Ashley Madekwe as Tituba in Salem (2014–2017)
This is a surprising presentation of historical fact, since the character is based on the historical Arawak figure, Tituba. She was an enslaved South American woman who sailed from Barbados to mainland America with her owner Simon Parris of Danvers, Massachusetts. She was the first of the initial 3 women to be accused of practicing witchcraft during the 1692 Salem witch trials, to which she confessed. She also claimed that local women Sarah Good and Sarah Osborne also participated. She was imprisoned and later released.
This is also not the first fictional incarnation of Tituba. In American Horror Story: Coven (S3, 2013-14), Gabourey Sidibe plays Queenie, a witch and descendant of Tituba. Angela Bassett’s Voodoo Queen Marie Laveau suggests that her magic came from her Arawak ancestry. In the novel, Calligraphy of the Witch (2007) by Alicia Gaspar de Alba, she is an Arawak Indian from Guyana, fluent in several languages, and the only person in the Boston area who understands Spanish.
Moi, Tituba, Sorciere… Noire de Salem (I, Tituba, Black Witch of Salem) is a 1986 French fiction novel by Guadeloupean writer Maryse Condé, which won the French Grand Prix award for women’s literature. Condé’s Tituba is biracial, born in Barbados to a young African slave woman raped by an English sailor. The author ties this story in with Nathaniel Hawthorne’s novel The Scarlet Letter, by having Tituba thrown into a cell with a pregnant Hester Prynne, Hawthorne’s heroine. Translated into English in 1992 by Richard Philcox under the English translation of the title, it includes a foreword by activist Angela Davis, who calls the book an “historical novel about the black witch of Salem”. The English translation was hailed as an “imaginative subversion of historical records forms a critique of contemporary American society and its ingrained racism and sexism,” and it has also been analysed in literary academic journals and is frequently assigned as mandatory reading in college English classes.
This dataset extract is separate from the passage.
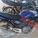 Ao chegar ao local, os policiais realizaram consulta junto ao sistema do Departamento Estadual de Trânsito (DETRAN) e confirmaram que a motocicleta, uma Yamaha YBR de cor azul, possuía restrição criminal ativa.

Henry Wadsworth Longfellow wrote Tituba into his 1868 play Giles Corey of the Salem Farms, as “the daughter of a man all black and fierce…He was an Obi man, and taught [her] magic… Obeah (also spelled Obi) is a specifically African and Afro-American system of magic.”
She featured prominently in Arthur Miller’s 1953 play The Crucible, and the 1957 and 1996 film adaptations of the play, portrayed by Louise Stubbs and Charlayne Woodward respectively.
Tituba of Salem Village was written by Ann Petry in 1956 for children 10 and up, portraying Tituba as a Bajan woman who tells stories about life in Barbados to the village girls. Petry was the first African American woman writer with book sales topping a million copies for her 1946 novel The Street.
Maybe it’s not so surprising that a woman of colour has featured over the years in literary works and stage plays. Our association with the occult is just another given in the mainstream, like running fast and dancing good.
Still, check out Madekwe’s performance from the first season to the third and last. A fan petition for a 4th season was unsuccessful after the series cancellation was announced last December (2016).
All 36 episodes of Salem are currently available on Netflix.